Намного ниже драконова замка, на дне долины Кондорра, утомленный прошедшим днем Балур наблюдал, как солнце медленно опускается за горную стену. Тени удлинялись. Приходила тьма.

Если даже Фиркин сомневается в твоих делах, значит ты уж точно напортил и пустил план наперекосяк. Но, в общем-то, Балуру было глубоко наплевать.

Если быть честным с собой, вся нынешняя хандра сводилась к одному: к стыду. Ящер так хвастался. Самодовольно заверил Летти, что насилие обязательно будет, пусть и немного. А себе сказал, что уж точно заработает место в людской памяти. Впереди — миг славы. Нечто чудесное, поразительное.

И что? Мантракс пострадал? Заревел от страха и боли?

Нет. Мантракс его даже не заметил. Мантракс отмахнулся. Одним легким движением лапы. А Балур и не ударил ни разу. Не оставил даже вмятины на память. Это жалко и ничтожно. Хуже, чем жалко. Мантракс не вспомнит о Балуре даже как о надоедливой мухе. Ведь вспоминать нечего.

Ящер думал бы об этом, реши он остаться честным с самим собой. Но он не решил. И принял все меры, чтобы не остаться. Ящер пил. Тяжело и много.

И оттого Фиркин возражал. Не то чтобы в натуре Фиркина было возражать против тяжелого усердного пьянства. Если искать самого истового приверженца нектаров Рыга — так барды называли эль, — приверженнее Фиркина не найти.

Но как указывали последние толики здравого смысла, еще оставшиеся у Балура, Фиркин, скорее всего, возражал против разбавления эля остатками зелья из огненного корня.

А это сперва показалось отличной идеей.

Балур очнулся в лесу под пещерой Мантракса, утыканный щепками, с ноющими мышцами. Толпа исчезла. Убежала в деревню. Дракон неторопливо залез в пещеру и закрыл за собой ворота. И ни признака Летти поблизости. Признаки Фиркина, к сожалению, отчетливо наблюдались. Он сидел перед ящером и тряс его, пытаясь привести в себя.
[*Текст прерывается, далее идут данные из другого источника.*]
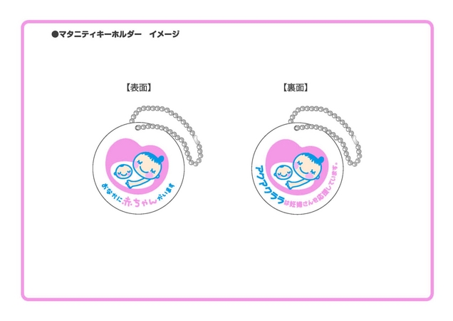 アクアクララはこれまでも、「ベビアクアプラン」など赤ちゃんがいるお母さんやご家族を応援するサービスを展開して参りました。そのような取り組みの一環として、この度作成した「マタニティチェーンホルダー」は、妊婦さんが持ち物につけることによって妊娠していることを周囲に伝えることができ、その周りの人たちが配慮を示しやすくするものです。
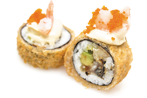 Угорь, коктейльная креветка, икра тобико, омлет, авокадо, сладкий соус васаби, кляр, темпурная мука, соус юзу. Энергетическая ценность: 630 ккал

Балур пришел в себя, сел и неприятно удивился. И ощутил горький стыд. И тут же на месте решил: так он этого не спустит. Из глотки вырвался рык. Хотя, если припомнить тщательнее, было не совсем так. Рык не просто вырвался. Весь Балур сделался рыком. Мышцы стали рыком. И мысли, и даже шаги, когда ящер ступал вниз, к деревне.

Так.

Он.

Этого.

Не спустит.

Он стыдился. Деревня смущала и стыдила его. Фиркин тащился следом, суетился, выкрикивал слова. Наверное, спрашивал о чем-то. А скорее, излагал некие тезисы о преимуществах совокупления с белками. Балуру было все равно. Рык не слушает бормотания. Он наливается ненавистью. Он растет. Он взрывается.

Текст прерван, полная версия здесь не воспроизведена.